(Task input)

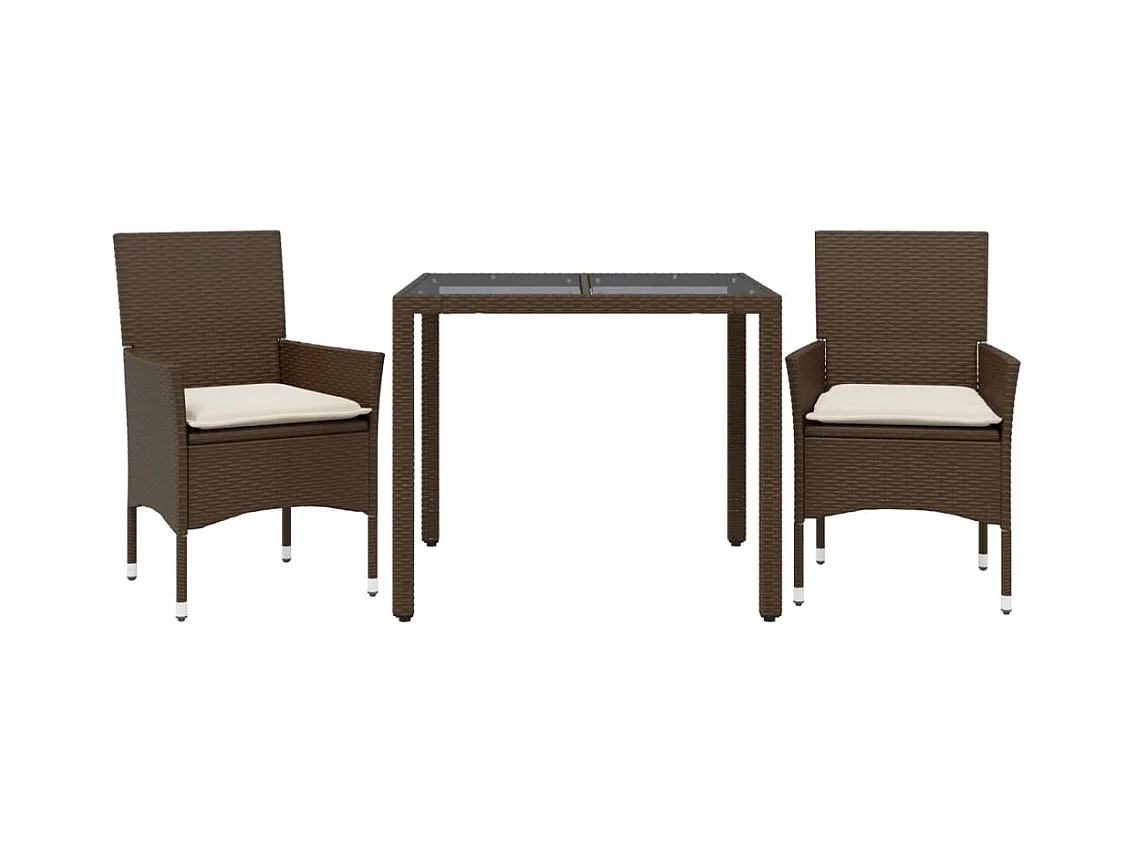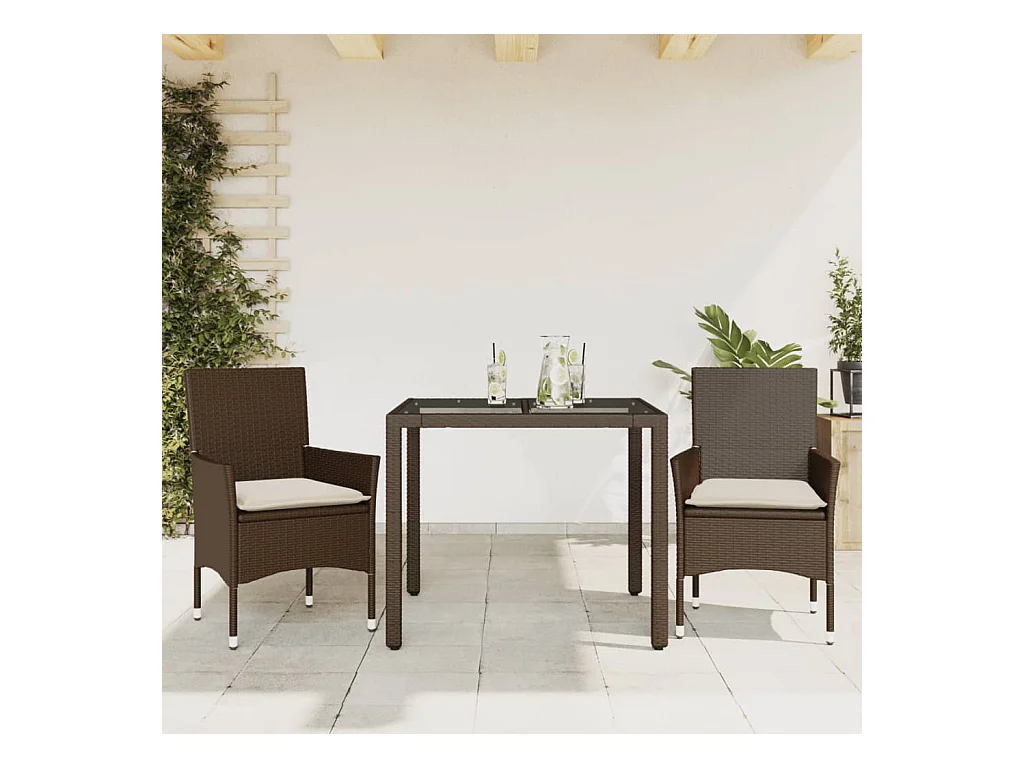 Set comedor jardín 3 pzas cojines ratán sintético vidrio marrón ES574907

(End Task input)
(Task input)

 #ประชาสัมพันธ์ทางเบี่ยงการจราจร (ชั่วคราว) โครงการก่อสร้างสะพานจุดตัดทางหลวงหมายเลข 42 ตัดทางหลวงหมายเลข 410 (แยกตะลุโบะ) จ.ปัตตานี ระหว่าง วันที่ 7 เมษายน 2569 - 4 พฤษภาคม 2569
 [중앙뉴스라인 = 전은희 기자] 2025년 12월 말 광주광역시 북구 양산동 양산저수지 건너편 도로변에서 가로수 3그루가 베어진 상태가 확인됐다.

(End Task input)

Within the material above, copy exactly the lines from the line that holds "4 พฤษภาคม 2569" up to and including the line that holds "[중앙뉴스라인 = 전은희".

 #ประชาสัมพันธ์ทางเบี่ยงการจราจร (ชั่วคราว) โครงการก่อสร้างสะพานจุดตัดทางหลวงหมายเลข 42 ตัดทางหลวงหมายเลข 410 (แยกตะลุโบะ) จ.ปัตตานี ระหว่าง วันที่ 7 เมษายน 2569 - 4 พฤษภาคม 2569
 [중앙뉴스라인 = 전은희 기자] 2025년 12월 말 광주광역시 북구 양산동 양산저수지 건너편 도로변에서 가로수 3그루가 베어진 상태가 확인됐다.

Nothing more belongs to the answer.